[Beowulf] Slection from processor choices; Requesting Giudence
Mark Hahn
hahn at physics.mcmaster.ca
Thu Jun 15 08:39:08 PDT 2006
> > 1. One processor at each of the compute nodes
> > 2. Two processors (on one mother board) at each of the compute nodes
> > 3. Two Processors (each one dual-core processor) (total 4 cores on
> > 4. four processor (on one mother board) at each of the compute nodes.
not considering a 4x2 configuration?
> > Initially, we are deciding to use Gigabit ehternet switch and 1GB of
> >RAM at
> >each node.
that seems like an odd choice. it's not much ram, and gigabit is
extremely slow (relative to alternatives, or in comparison to on-board
memory access.)
> I've heard many times that memory throughput is extremally important
> in CFD and that using of 1 cpu/1 core per node (or 2 single cores
> Opteron having independed memory channels) is in some cases better
> than any sharing of memory bus(es).
I've heard that too - it's a shame someone doesn't simply use the
profiling registers to look at cache hit-rates on these codes...
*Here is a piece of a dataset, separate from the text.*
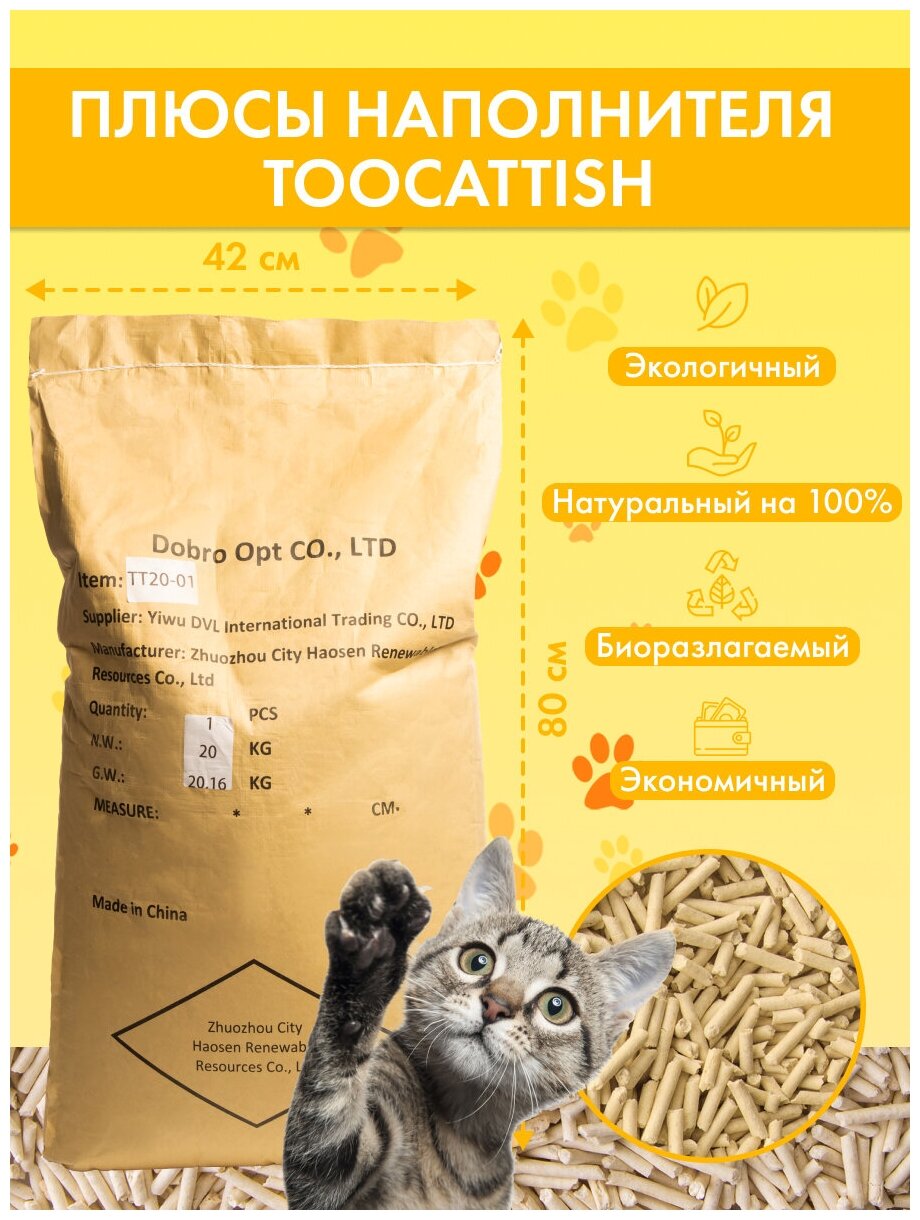 Отзывы на Наполнитель для кошачьего туалета, TOOCATTISH, Оригинал, 20 кг, 48 л, тофу, комкующийся, соевый, смываемый

but I'd be somewhat surprised if modern CFD codes were entirely
mem-bandwidth-dominated, that is, that they wouldn't make some use
of the cache. my very general observation is that it's getting to be
unusual to encounter code which has as "flat" a memory reference
pattern as Stream - just iterating over whole swaths of memory
sequentially. advances such as mesh adaptation, etc tend to make
memory references less sequential (more random, but also touching
fewer overall bytes, and thus possibly more cache-friendly.)
of course, I'm just an armchair CFD'er ;)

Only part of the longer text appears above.